The Sounds of Recovery from a Pandemic

What would you do if every day for the rest of your life you were given £86,400?

Guaranteed. 

Like everything in life that sounds too good to be true.  There is a catch, and it’s non-negotiable.  If you don’t use it, you lose it. 

Now the next day you will be given exactly the same amount of money, £86,400.  The same rule, spend it that day, or at the end of the day, it is gone.  Other than that, every day, for the rest of your life, you will receive the money.

If that really existed, you would buy that lottery ticket.  If that was the contract, you would sign on the dotted line.  If that was your return on investment, you would become an angel in a heartbeat.  If that was the cure for your pain, you’d give your consent.

Everyone should be interested in finding out more.  

The reality is that only a tiny minority, the real top 1%, do.  And this is the top 1%, not that group that appears on the Forbes or Times top 100, though admittedly some of them are there.

This unique group of individuals have done their due diligence, asked the right questions, and are completely satisfied that the deal is real.

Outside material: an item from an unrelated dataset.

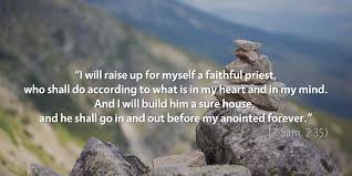 34 “‘And what happens to your two sons, Hophni and Phinehas, will be a sign to you—they will both die on the same day. 35 I will raise up for myself a faithful priest, who will do according to what is in my heart and mind. I will firmly establish his priestly house, and they will minister before my anointed one always. 36 Then everyone left in your family line will come and bow down before him for a piece of silver and a loaf of bread and plead, “Appoint me to some priestly office so I can have food to eat.”’”

If you need something to entice you over the line, there is a free bonus guarantee.

Everybody is eligible. 

Though this club is unique, it also genuinely is non-discriminatory.  It really does not matter, the colour of your skin, the shape of your body, or how you identify based on gender, culture or sexual orientation.  There is no difference if you are a lawmaker or a rule breaker if you are low-life or a lord, the deal and the reward are exactly the same.  £86,400 every day for the rest of your life, but you have to use it.

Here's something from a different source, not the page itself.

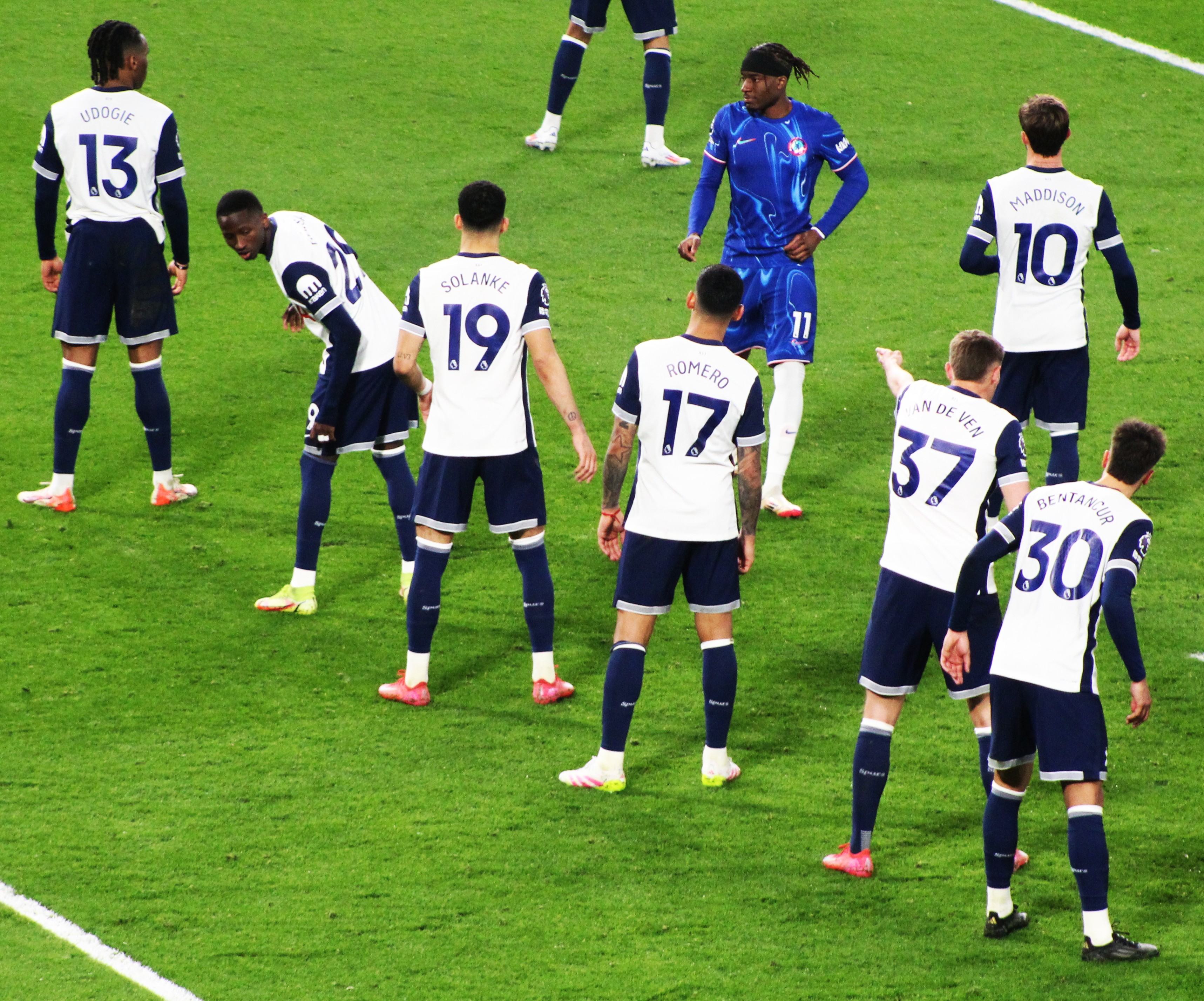 As at Southampton, Chelsea were in all blue. Tottenham were modelling shirts with an Arsenal-style affectation involving navy sleeves.

A new decade brings new hope and new resolve.  For goals setters, it is a stake in the ground on which to mark the start of something better. 

Hogmanay had been really magical.  At a fantastic country house deep in Perthshire, the whole family had come together after a long hard decade, that had seen both success and failure, love and loss.  

New Year’s resolutions were made.

The end of February, following a business improvement course in central London, I felt optimistic that had finally I had found something that would help me carve out the next few years.  

That evening I operated with one of my favourite anaesthetists, at one of the top private hospitals in London.  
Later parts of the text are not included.